▶ _Input data_
———

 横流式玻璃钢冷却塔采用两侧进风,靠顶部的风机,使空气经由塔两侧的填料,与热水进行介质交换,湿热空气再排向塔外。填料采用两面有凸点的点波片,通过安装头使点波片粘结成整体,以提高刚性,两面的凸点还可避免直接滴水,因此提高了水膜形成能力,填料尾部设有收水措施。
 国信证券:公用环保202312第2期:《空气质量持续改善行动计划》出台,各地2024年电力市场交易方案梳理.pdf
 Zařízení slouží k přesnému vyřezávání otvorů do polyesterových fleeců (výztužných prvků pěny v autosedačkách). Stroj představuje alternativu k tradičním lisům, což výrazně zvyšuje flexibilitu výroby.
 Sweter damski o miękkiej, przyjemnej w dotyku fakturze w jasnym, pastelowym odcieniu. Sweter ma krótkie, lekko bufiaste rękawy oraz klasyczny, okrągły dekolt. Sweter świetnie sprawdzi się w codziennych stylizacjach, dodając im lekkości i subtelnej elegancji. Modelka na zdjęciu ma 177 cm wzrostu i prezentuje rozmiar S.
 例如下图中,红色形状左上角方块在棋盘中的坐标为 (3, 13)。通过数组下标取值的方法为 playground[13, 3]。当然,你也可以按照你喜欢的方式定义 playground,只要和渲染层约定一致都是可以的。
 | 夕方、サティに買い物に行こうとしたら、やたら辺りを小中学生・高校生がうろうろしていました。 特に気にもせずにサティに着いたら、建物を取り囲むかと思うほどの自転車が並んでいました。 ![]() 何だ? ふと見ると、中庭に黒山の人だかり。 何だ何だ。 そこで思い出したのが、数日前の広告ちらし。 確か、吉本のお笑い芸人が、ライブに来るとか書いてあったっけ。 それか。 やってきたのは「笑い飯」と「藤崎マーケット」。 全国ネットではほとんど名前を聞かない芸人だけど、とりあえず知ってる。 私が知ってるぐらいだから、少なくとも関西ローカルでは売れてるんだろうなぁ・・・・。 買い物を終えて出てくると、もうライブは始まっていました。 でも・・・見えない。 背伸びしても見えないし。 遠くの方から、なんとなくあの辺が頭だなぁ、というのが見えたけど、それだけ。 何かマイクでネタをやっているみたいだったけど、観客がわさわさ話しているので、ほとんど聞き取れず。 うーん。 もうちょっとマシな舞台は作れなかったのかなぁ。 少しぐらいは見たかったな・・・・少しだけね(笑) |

———

▶ _Exercise aim_
Exactly the lines from the one holding "Sweter damski o" to the final line of the listing, both included, must make up the answer.

▶ _Response to this exercise_
 Sweter damski o miękkiej, przyjemnej w dotyku fakturze w jasnym, pastelowym odcieniu. Sweter ma krótkie, lekko bufiaste rękawy oraz klasyczny, okrągły dekolt. Sweter świetnie sprawdzi się w codziennych stylizacjach, dodając im lekkości i subtelnej elegancji. Modelka na zdjęciu ma 177 cm wzrostu i prezentuje rozmiar S.
 例如下图中,红色形状左上角方块在棋盘中的坐标为 (3, 13)。通过数组下标取值的方法为 playground[13, 3]。当然,你也可以按照你喜欢的方式定义 playground,只要和渲染层约定一致都是可以的。
 | 夕方、サティに買い物に行こうとしたら、やたら辺りを小中学生・高校生がうろうろしていました。 特に気にもせずにサティに着いたら、建物を取り囲むかと思うほどの自転車が並んでいました。 ![]() 何だ? ふと見ると、中庭に黒山の人だかり。 何だ何だ。 そこで思い出したのが、数日前の広告ちらし。 確か、吉本のお笑い芸人が、ライブに来るとか書いてあったっけ。 それか。 やってきたのは「笑い飯」と「藤崎マーケット」。 全国ネットではほとんど名前を聞かない芸人だけど、とりあえず知ってる。 私が知ってるぐらいだから、少なくとも関西ローカルでは売れてるんだろうなぁ・・・・。 買い物を終えて出てくると、もうライブは始まっていました。 でも・・・見えない。 背伸びしても見えないし。 遠くの方から、なんとなくあの辺が頭だなぁ、というのが見えたけど、それだけ。 何かマイクでネタをやっているみたいだったけど、観客がわさわさ話しているので、ほとんど聞き取れず。 うーん。 もうちょっとマシな舞台は作れなかったのかなぁ。 少しぐらいは見たかったな・・・・少しだけね(笑) |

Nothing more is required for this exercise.